In March 2020, I was teaching a classroom full of ambitious students in our Academic Transitions program when the message came that we would be going into quarantine. With a complete campus shutdown looming, ELI teachers were given a hasty presentation of the fundamentals of using Zoom, and we continued from the safety of home, teaching as we had in the classroom. It felt temporary and hit-and-miss, but at the time it was the best we could do. I imagined we would be at home for a few weeks before being back in the classroom. Teachers and students alike did their best to make the most of this awkward situation. It later became clear that we would not be going back into the classroom anytime soon. We would have to do better than what we were doing in terms of online teaching. I took a course offered by UD’s Department of Education in online course design, and then spent the summer designing two new online courses for the AT program.
Of course, we miss our students, our classrooms, and the wonderful face to face interaction that makes language teaching exciting and dynamic. Of course students want to experience life in another culture, going out after class for lunch on Main Street, seeing friendly faces, making new friends from America and around the world. That’s the best part of being an international student. We all wish to return to campus, but not until we can ensure the safety of every one of our students, teachers, and administrators.

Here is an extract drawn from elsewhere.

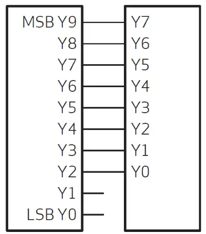 OV5640提供一個10位DVP接口(支持8位接法),其MSB和LSB可以程序設置先後順序,正點原子 OV5640模塊採用默認的8位連接方式,如圖35.1.1.2所示:

New online courses offer new possibilities that we have never had in face to face classes. Students can take classes from Newark, Delaware. Students who have relatives in Philadelphia, Boston or San Francisco can take the same courses, and they are joined by students still at home in China or the Middle East. Students who cannot buy the books in their home countries can purchase e-books and follow along. What is perhaps most exciting is that these new courses are not just copies of the face to face courses, but designed to work online, with new and interesting online components. Students now have a lot more freedom and control over their study materials. While we meet in class every day at the appointed times, our web-based instruction also allows students to work independently on new and different kinds of assignments. Even halfway around the world, students can find the times that fit their schedule to work through readings, vocabulary and grammar exercises, and take quizzes when it best suits them. Students can do presentations and post them to our class website, for all to see and comment on.

I’ll be very happy to see the day when we will all be able to leave our houses and come back to campus, and I will again be able to see my students face to face. But I also think that the online models of instruction that we have designed will be here to stay, because for many, it will be a better alternative. It is not so much a substitute as a new choice in how to study that can suit the needs of every kind of student.